§ **GIVEN DATA**
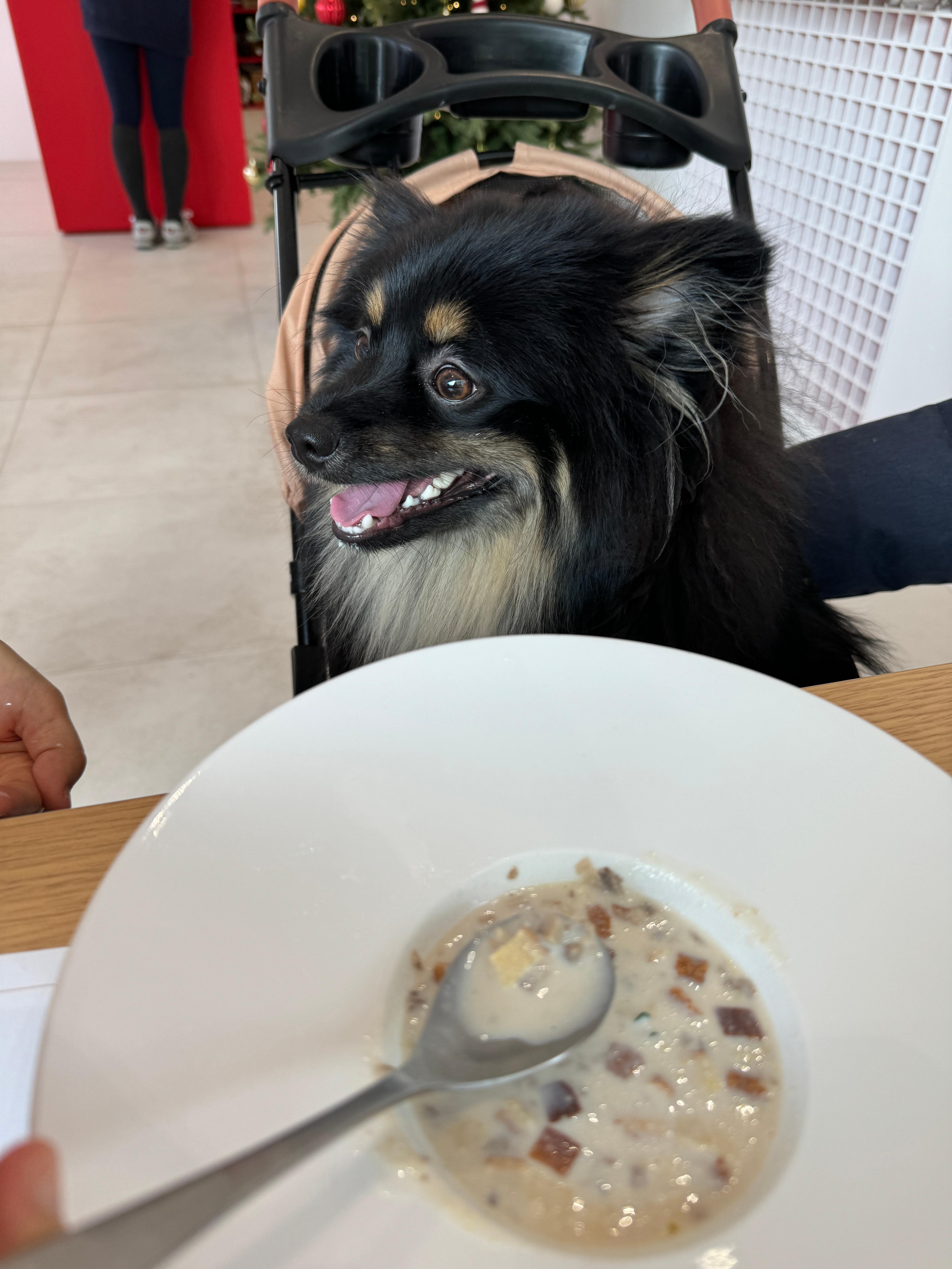 우리 단지 눈 반짝반짝 보이시나요?^^ 단지 생일 겸 크리스마스를 맞아 단지는 양식코스요리(수프-칠면조스테이크-조각케이크)를, 저희는 브런치세트와 알리오올리오를 앞에 놓고 모두 편안하니 & 맛있게 좋은 시간을 보냈더랬죠.
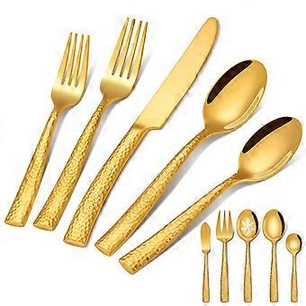 45 Piece Stainless Steel Silverware Set with Hammered Gold Finish for Large Home Dining, Durable and Elegant Design
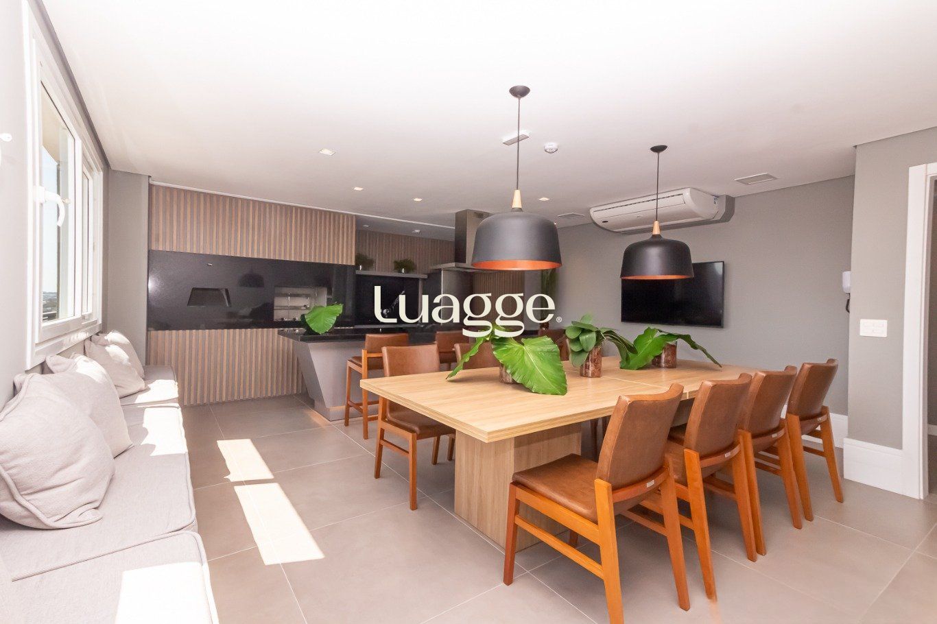 Sala de estar e jantar com móveis planejados, janela grande com ventilção natural. Cozinha e área de serviço planejada. Banheiro planejado, com iluminação solar e ventilação natural.

§ **WORK INSTRUCTIONS**
Starting from the line where "45 Piece Stainless" appears, copy every line through the end of the material, both ends included, but no pictures.

§ **ANSWER FOR THIS EXERCISE**
 45 Piece Stainless Steel Silverware Set with Hammered Gold Finish for Large Home Dining, Durable and Elegant Design
 Sala de estar e jantar com móveis planejados, janela grande com ventilção natural. Cozinha e área de serviço planejada. Banheiro planejado, com iluminação solar e ventilação natural.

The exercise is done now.